You know, I had kids young, really young. You know
what I'm saying. As soon as I turned eighteen, you
(01:49):
know what I'm saying, I already had my first son.
Right before I was even eighteen, I was already having
my first son, you know what I'm saying. And I
have four kids, and you know, like I said, all
my kids young. You know what I'm saying, I'm forty two,
and that's just what it is. But the thing is is,
you know, even myself at a young age, I was
(02:10):
struggling to want to work. I was I was wanting
to make money, I was wanting my freedom, I was
wanting these things. Excuse me, that word just out of necessity,
you know what I'm saying, Like I didn't come you know,
Like I said, here's the funny thing too, It's like
(02:31):
you never feel like you're you know, low income. You
never feel like you're poor, you never feel like you
don't have because I had a real rich childhood of
great memories doing awesome things. But when you look back
to it's like, God, damn, we were struggling. I don't
know how my mom made it. I don't know how
she handled the pressure that she was going through when
these things were happening. Because this is real. This is reality,
(02:55):
all right. Because you know, I just remember, oh, I
need to make money so I can not get myself
out of this situation, but put myself in a better situation.
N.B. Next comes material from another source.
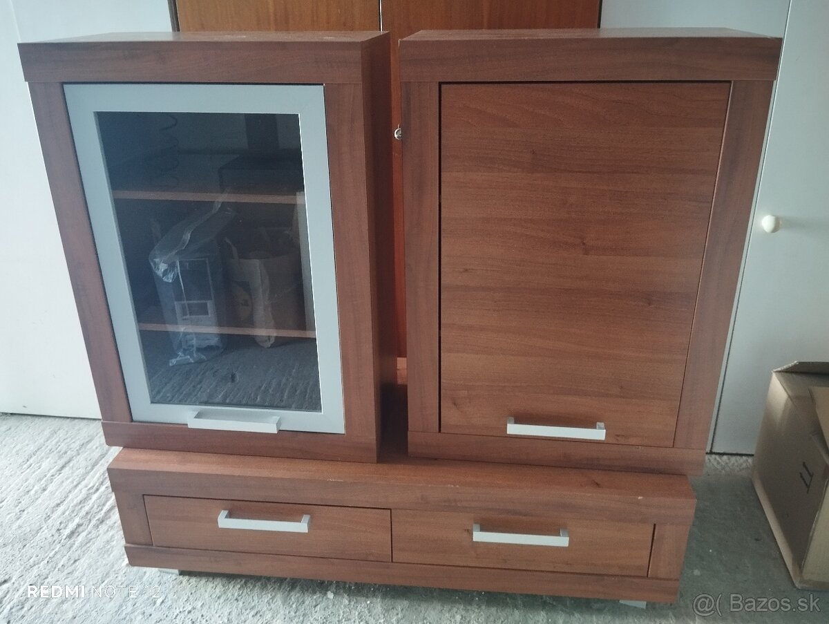 Predám obývaciu stenu, zložená z dvoch závesných skriniek a zo skrinky na televízor.Rozmery sú závesená skrinka š650cm x v900cm c h360cm, spodná skrinka š1300cm x v300cm x h575cm.
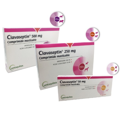 Clavaseptin es un antibiótico veterinario de amplio espectro en tabletas palatables que combina amoxicilina y ácido clavulánico. Se utiliza para tratar infecciones causadas por bacterias sensibles, incluyendo las de la piel (heridas, abscesos), oídos, vías respiratorias (infecciones, pioderma), vías urinarias y digestivas (enfermedad periodontal) en perros y gatos.

And putting yourself in that better situation. It's this mindset
of like I need to hurry up and grow up.
I need to do these things. Like I said, I
had a childhood, but I didn't have my twenties. I
(03:16):
didn't have these things because you know, I plunged myself
into work. I plunged myself into giving everything I had
to provide. You know what I'm saying, I wasn't that
great of a present dad when my kids were young.
But it's because I was so concerned with making sure
that they didn't have to do what I had to
do you know what I'm saying. I didn't want them
(03:38):
to struggle. I didn't want them to go without. I didn't.
That's one of those things, you know what I'm saying.
It's like you want to do something better than what
you had when you were a kid. You know what
I'm saying. We all strive to be like that. And
you know, like I said, my all my kids are older.
You know, say, my youngest son, you know, he just
turned thirteen, but you know, like, are you about to
(04:01):
turn fourteen? Actually? Shit? But uh, you know I don't.
I never want them to feel a certain way or
be a certain way. You know, one of my younger sons,
he's in nineteen, getting ready to turn twenty, and you know,
he's not in a rush to jump into the workforce.
He's not in a rush, you know what I'm saying.
(04:21):
And you know, he still feels like a child to me.
You know, all our kids a certain kind of way.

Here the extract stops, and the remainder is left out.